On n’a rien à perdre à repenser la condition du philosophe comme une émergence évolutive improbable …

Jusqu’à une date récente, l’anthropologie philosophique allemande appartenait au passé. Des hypo­thèses fameuses, mais assez aventureuses (la néoténie, la positionalité excentrique, l’être lacunaire), un contexte intellectuel d’entre-deux-guerres inspirant plus souvent le soupçon que l’enthousiasme, semblaient remiser ce mou­vement au rayon certes respectable mais sans grand avenir de ce que l’on appelle, faute de mieux, l’histoire de la pensée. Les choses ont changé. Hans Blumenberg (1920-1996) fait office de passeur entre la génération maintenant ancienne des aînés et ceux qui, aujourd’hui, ambitionnent de rouvrir le dossier anthropolo­gique.
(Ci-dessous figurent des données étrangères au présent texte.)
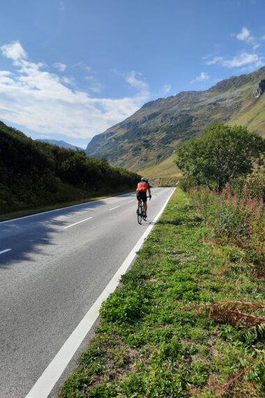 Was mir sofort aufgefallen ist: Das Radwegnetz ist im Montafon sehr gut ausgebaut und beschildert. Man kann sogar richtig Strecke machen. Egal, ob mit Mountainbike, E-Bike, Gravelbike oder Rennrad: Die asphaltierte Route zwischen Bludenz und Partenen beispielsweise führt an der Ill entlang, immer weit entfernt von Verkehrsstraßen. Vorbei an weiten Wiesen und Montafoner Gemeinden. So lassen sich viele Ausflugsziele erreichen. Selbst der Schweiß hält sich noch in Grenzen: Zwischen der 22 Kilometer langen Gesamtstrecke zwischen Bludenz und Partenen müssen nur 400 Höhenmeter absolviert werden. Zurück wundert man sich dann über die rasant drehenden Kurbeln.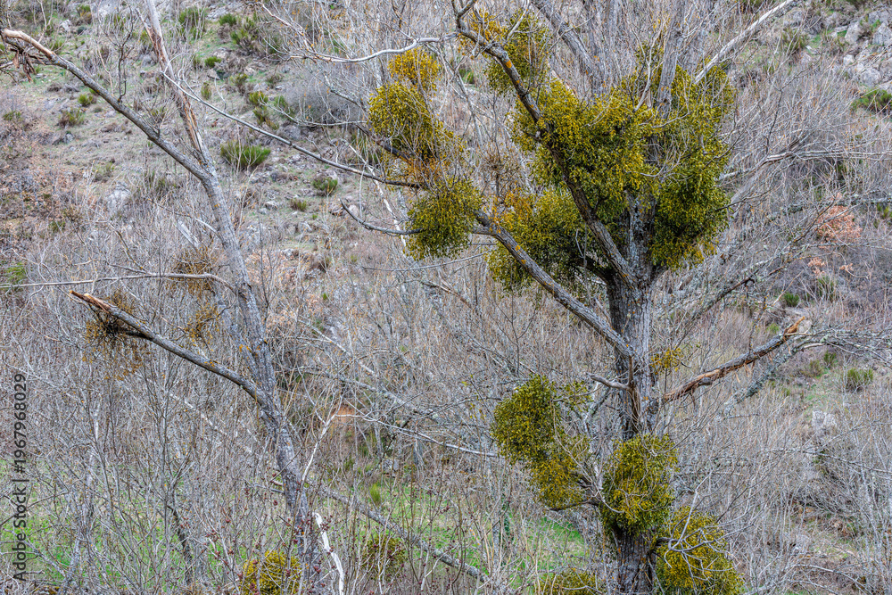 Landscape with poplar covered with the semi-parasitic plant white mistletoe. Viscum album. #1967968029
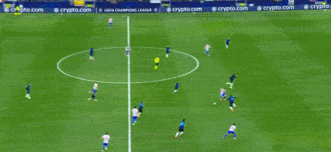 下半场刚刚开打,国际米兰就差点扳平比分,巴雷拉接到队友长传球后禁区内大力抽射,可惜运气不佳,皮球重重砸在横梁上被弹出,错失了扳平比分的绝佳机会,第50分钟劳塔罗送出一脚穿透性极强的传球,但迪马尔科的打门被马竞门将奋勇挡出。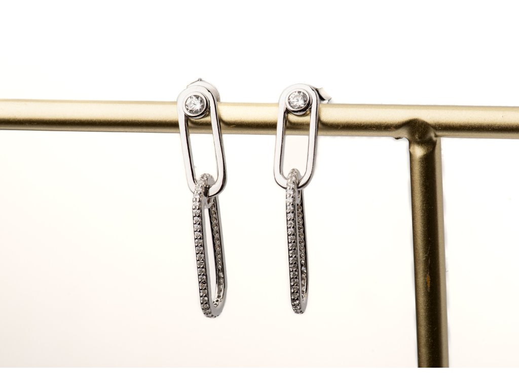 Náušnice - dva ovály se zirkony, stříbrné (rhodium) - 3,5 cm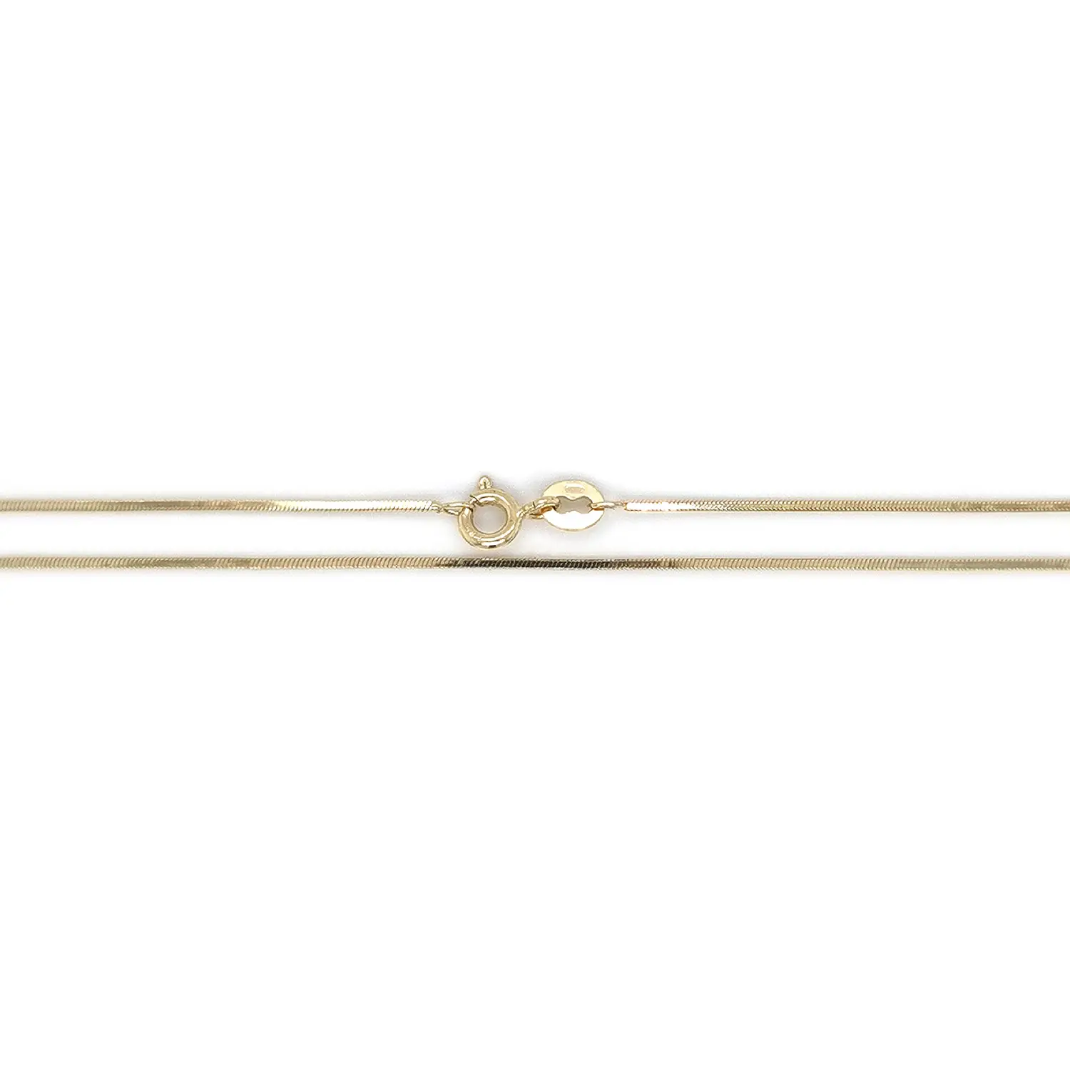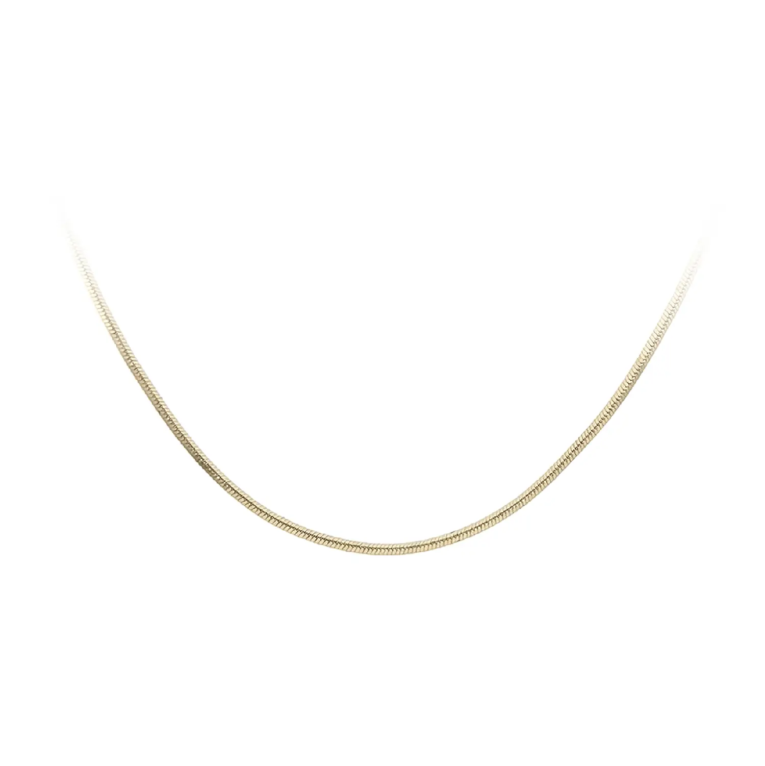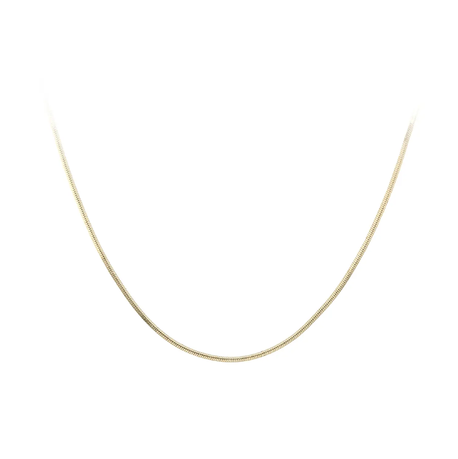 精致的黄金蛇形链,表面光滑、结构紧密,展现出优雅的光泽。柔韧的设计使其自然贴合颈部,呈现简约而高雅的效果。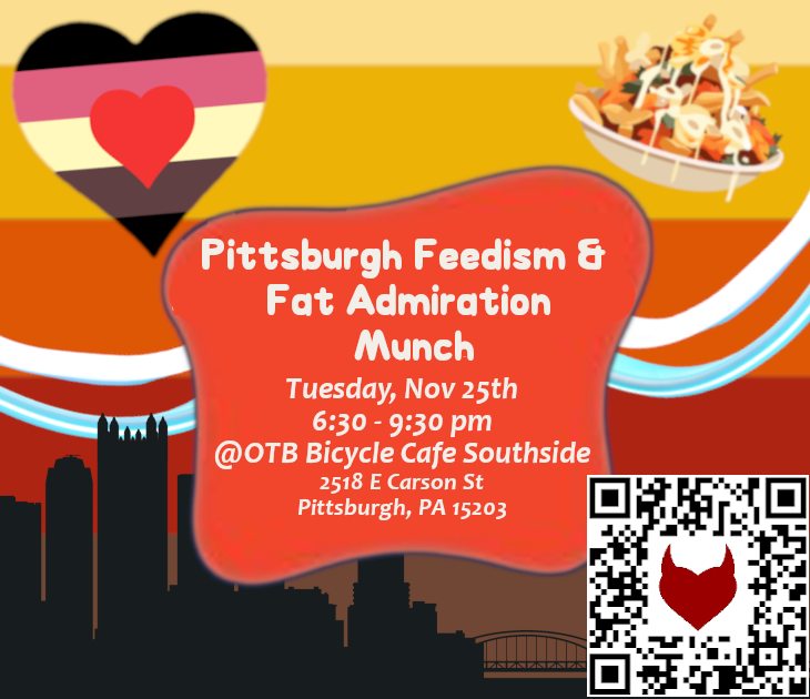 PGH Feedism is for Pittsburgh's local kinksters into Feedism and Fat Admiration. We're a group of Feedees, Feeders, Gainers, Encouragers, Mutual Gainers, BBWs/BHMs, other related fat & weight gain fetishists/kinksters & identities!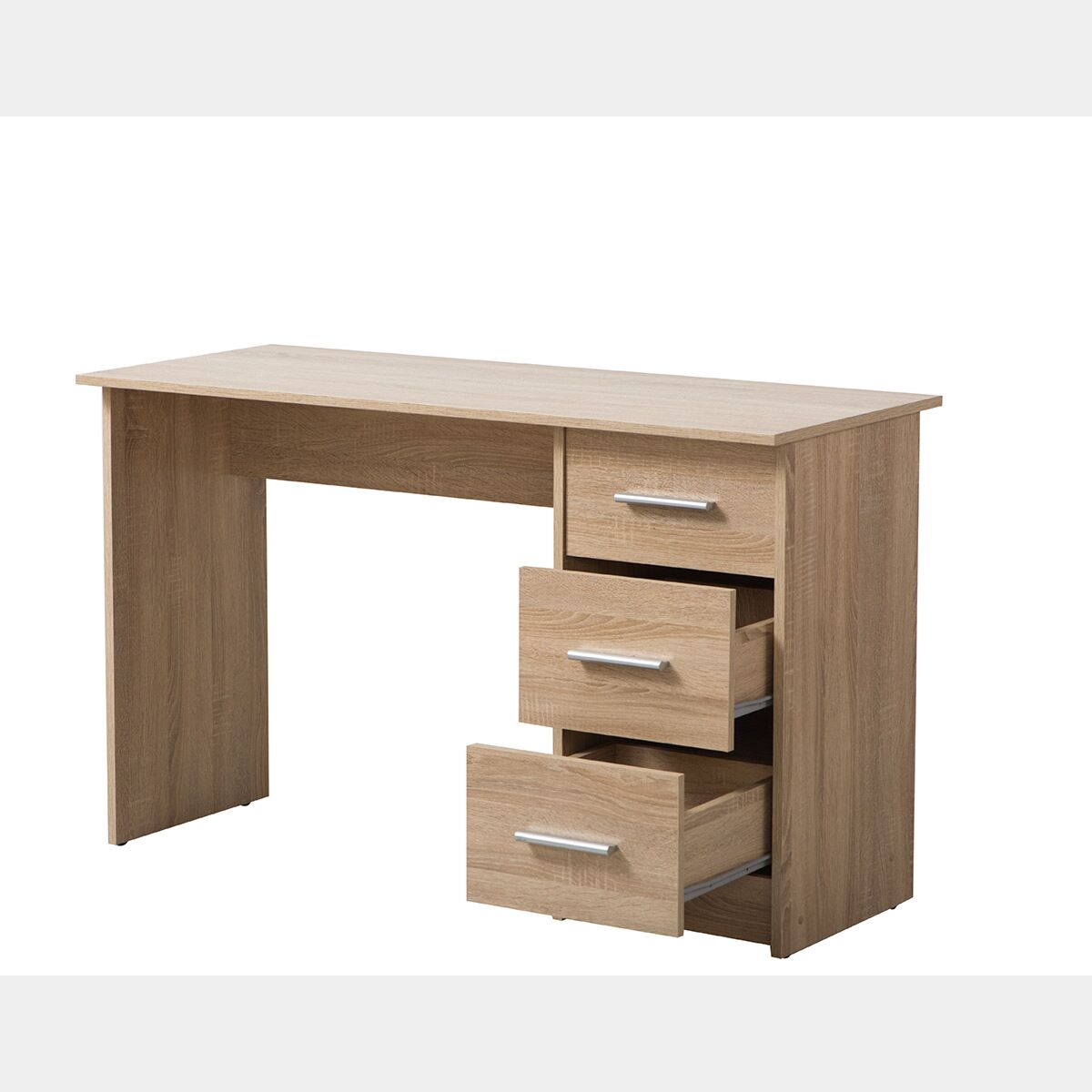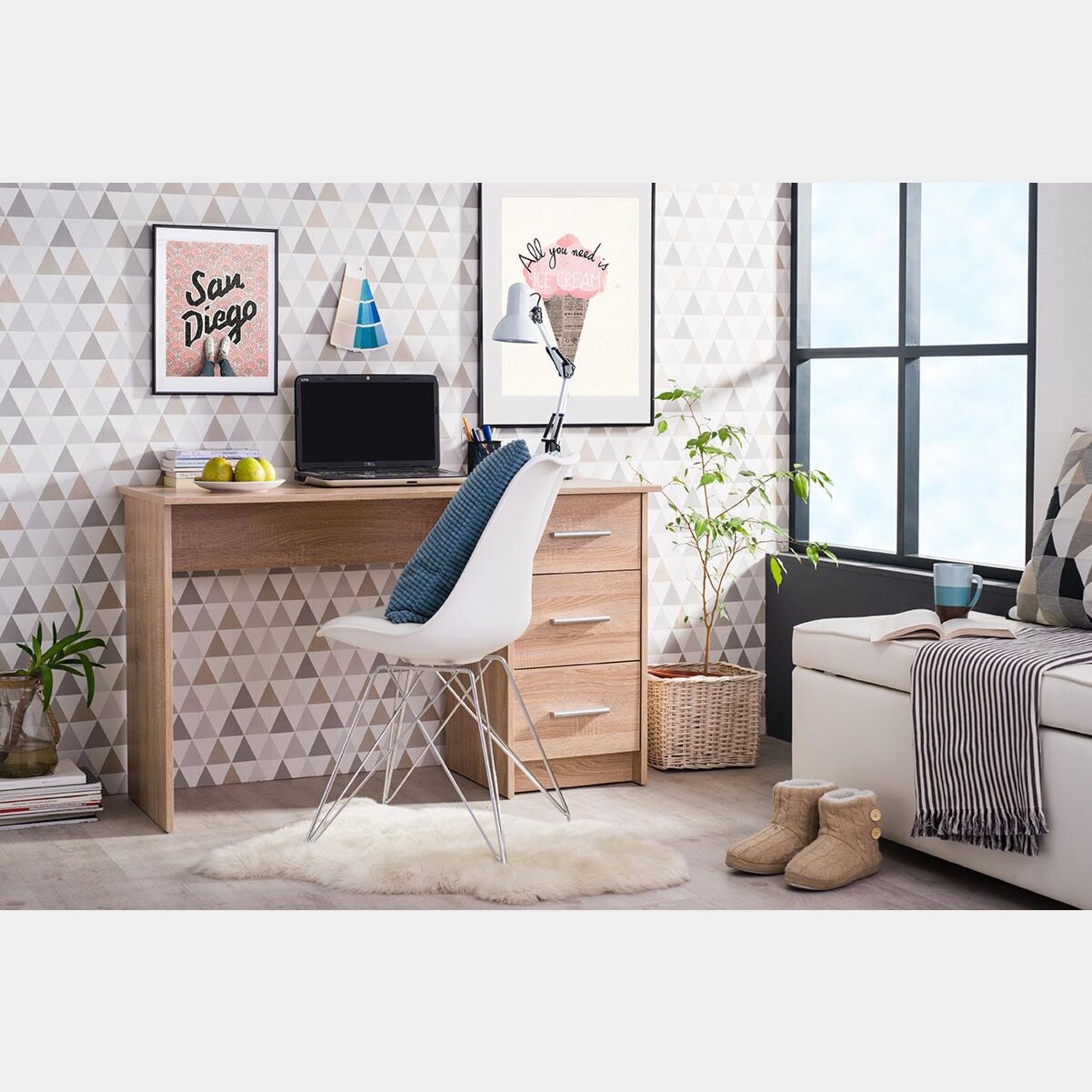 La finitura Rovere presenta sfumature irregolari che contribuiscono a rendere caldo e accogliente l'ambiente, inotre le maniglie dei cassetti di colore grigio valorizzano il design della scrivania, rendendola elegante e moderna.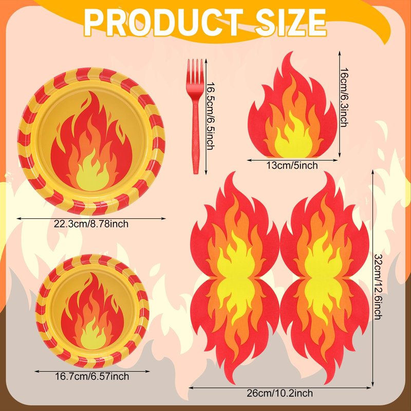 - Fire Theme Dinnerware Set: our package includes 25 pcs 9 inches fire plates, 25 pcs 7 inches fire plates, 25 red forks, 1 bag fire napkin ( 50 pcs) , comprehensive and nice in combination, designed for fire theme party, well meeting your needs for use, replacement and sharing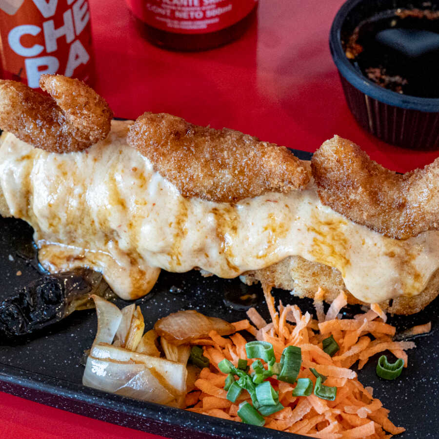 Pollo empanizado, relleno de relleno de queso crema, pepino aguacate, proteína a elegir, bañado en mayonesa picante, queso fundido y coronado con camarones roca.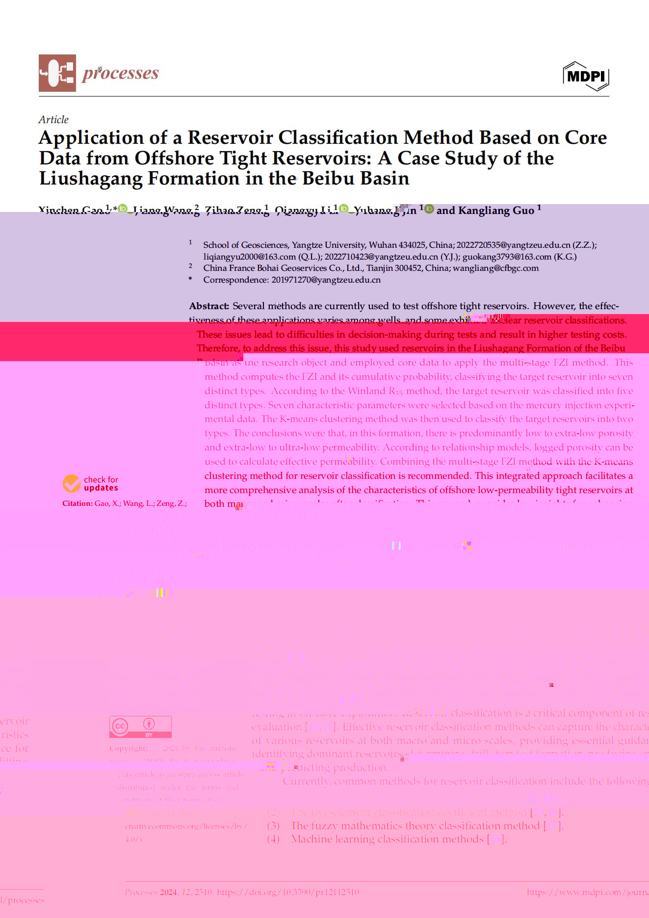 永利6774app手机版官网22級博士研究生在期刊《Processes》上發表題為“Application of a Reservoir Classification Method Based on CoreData from Offshore Tight Reservoirs: A Case Study of theLiushagang Formation in the Beibu Basin”的研究論文。永利6774app手机版官网為論文第一署名單位,高昕晨為第一通訊作者。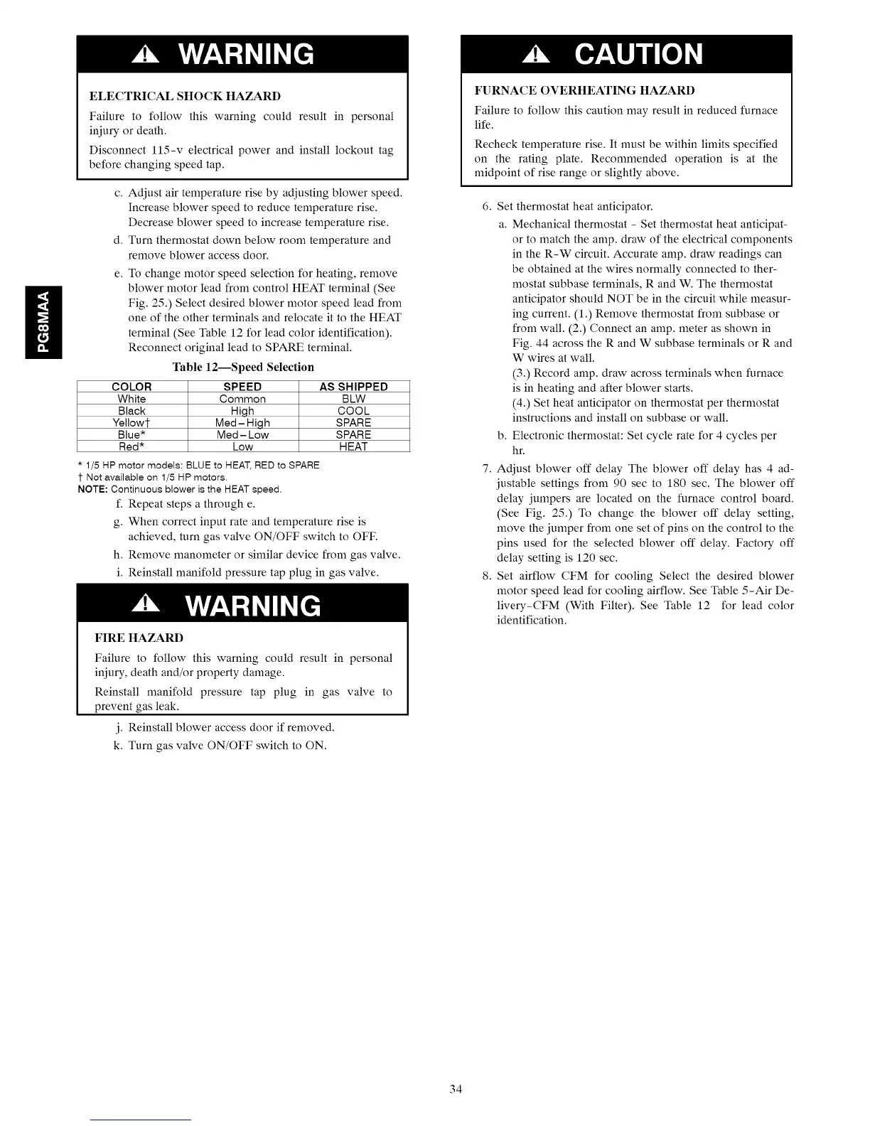 motor speed lead for cooling airflow. See Table 5-Air De-

On a pris la mesure de la fécondité de cette œuvre en lisant la Des­cription de l’homme, parue en France en 2011.Un double paysage intellectuel s’offrait en effet à nous: non seulement celui d’une pensée (celle de Blumenberg), mais à tra­vers elle de tout un domaine de pensée (celui, encore largement inexploré, de l’anthropologie philosophique allemande). La Description de l’homme four­mille ainsi de récits, d’images ou de figures qui ont en commun chaque fois de donner à voir autant qu’à penser; l’audace de la conjecture y est partout.

6a00d8341ce44553ef0191024f18c6970c-800wiS’il est vrai que l’homme est tou­jours déjà né quand se raconte son histoire, et que sa morphologie actuelle n’est que le résultat visible de processus évolutifs largement indis­cernables, alors nous venons par principe trop tard et n’aurons jamais affaire qu’à une crypto­genèse. Ainsi la théorie doit se faire d’autant plus imaginative que les données sont rares et épistémologiquement fragiles. Pour qui prend au sérieux, paléontologiquement ou philosophiquement, la question de l’origine -origine de la socialité interhumaine, du langage, de la technique, de l’art ou de la reli­gion- la préhistoire n’offre que des pointillés. C’est pourquoi il faut bien à un moment, faute de données en nombre suffisant, et au moins à titre heuristique, se mettre à raconter une histoire. Témoin le scénario de l’homme chasseur, ou celui de la femme cueilleuse, ou encore de l’homme récupérateur, qui scandent l’histoire de la paléo-anthropologie contemporaine.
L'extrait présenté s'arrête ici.